→ PROBLEM TO SOLVE: Everything below from the line with "Europe Vital markasının" through the line with "피부 타입별로 클렌징폼이 두 가지 중에 선택할 수 있습니다." should be copied exactly, and nothing else; leave out the pictures.

→ EXERCISE DATA:

========================================================================

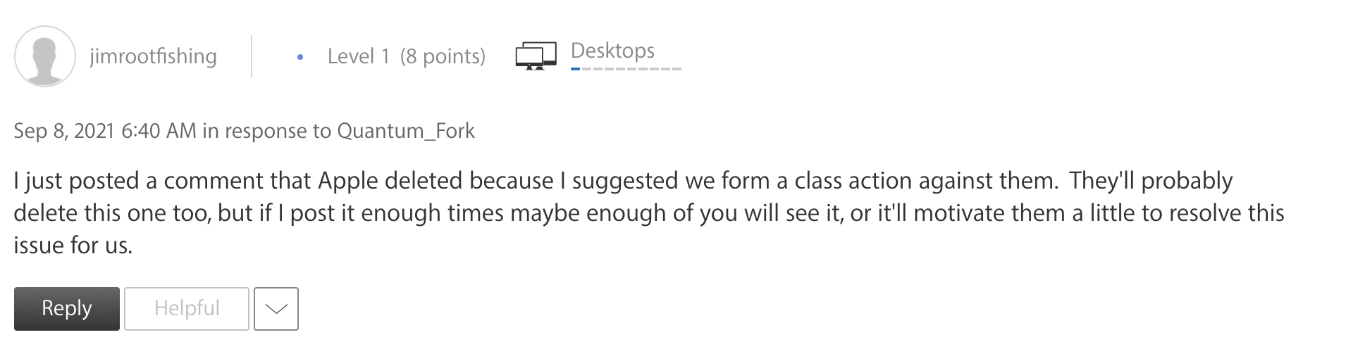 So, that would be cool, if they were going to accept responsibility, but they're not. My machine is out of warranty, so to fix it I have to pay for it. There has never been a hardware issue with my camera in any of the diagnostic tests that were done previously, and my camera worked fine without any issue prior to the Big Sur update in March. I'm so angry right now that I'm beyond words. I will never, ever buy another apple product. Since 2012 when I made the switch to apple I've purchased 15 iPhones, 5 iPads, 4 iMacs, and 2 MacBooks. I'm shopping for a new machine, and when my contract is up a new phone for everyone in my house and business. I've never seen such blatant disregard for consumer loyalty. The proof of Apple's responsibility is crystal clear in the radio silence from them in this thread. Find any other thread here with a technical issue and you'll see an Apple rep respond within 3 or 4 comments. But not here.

========================================================================

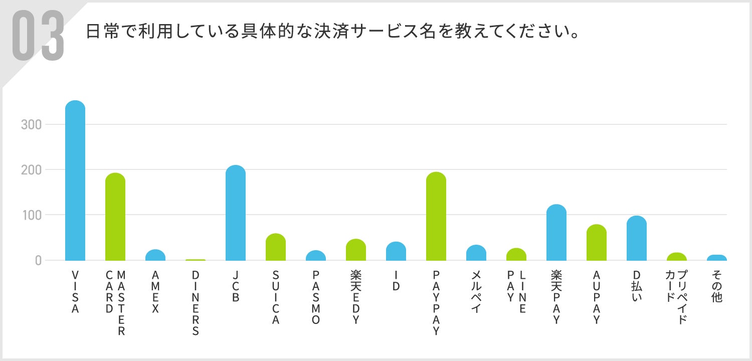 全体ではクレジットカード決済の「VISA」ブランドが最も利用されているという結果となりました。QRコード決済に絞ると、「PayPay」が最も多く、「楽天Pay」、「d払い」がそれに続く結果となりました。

========================================================================

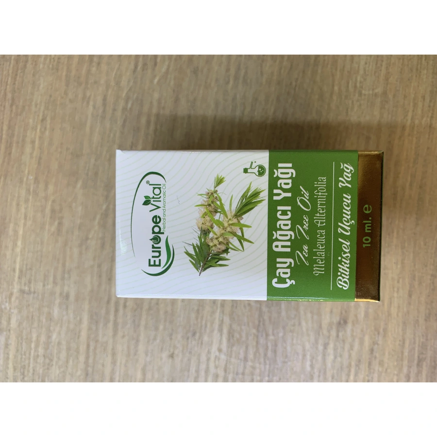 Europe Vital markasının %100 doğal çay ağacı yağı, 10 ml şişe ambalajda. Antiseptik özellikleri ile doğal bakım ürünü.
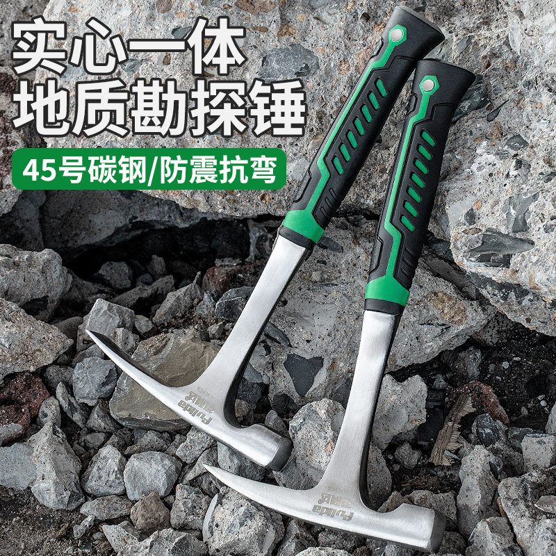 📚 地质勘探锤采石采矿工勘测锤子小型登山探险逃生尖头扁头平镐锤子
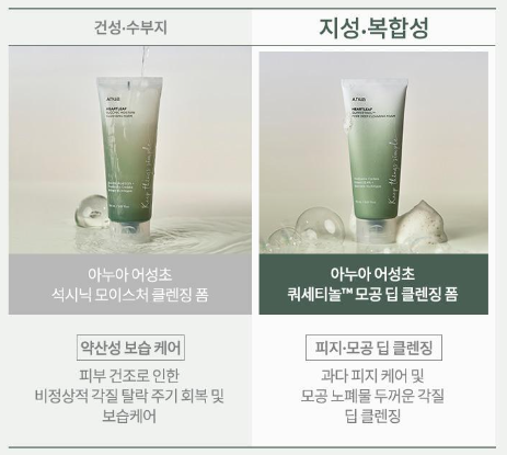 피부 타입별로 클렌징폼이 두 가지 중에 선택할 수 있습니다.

========================================================================

→ SOLUTION TO THIS PROBLEM:
 Europe Vital markasının %100 doğal çay ağacı yağı, 10 ml şişe ambalajda. Antiseptik özellikleri ile doğal bakım ürünü.
 📚 地质勘探锤采石采矿工勘测锤子小型登山探险逃生尖头扁头平镐锤子
 피부 타입별로 클렌징폼이 두 가지 중에 선택할 수 있습니다.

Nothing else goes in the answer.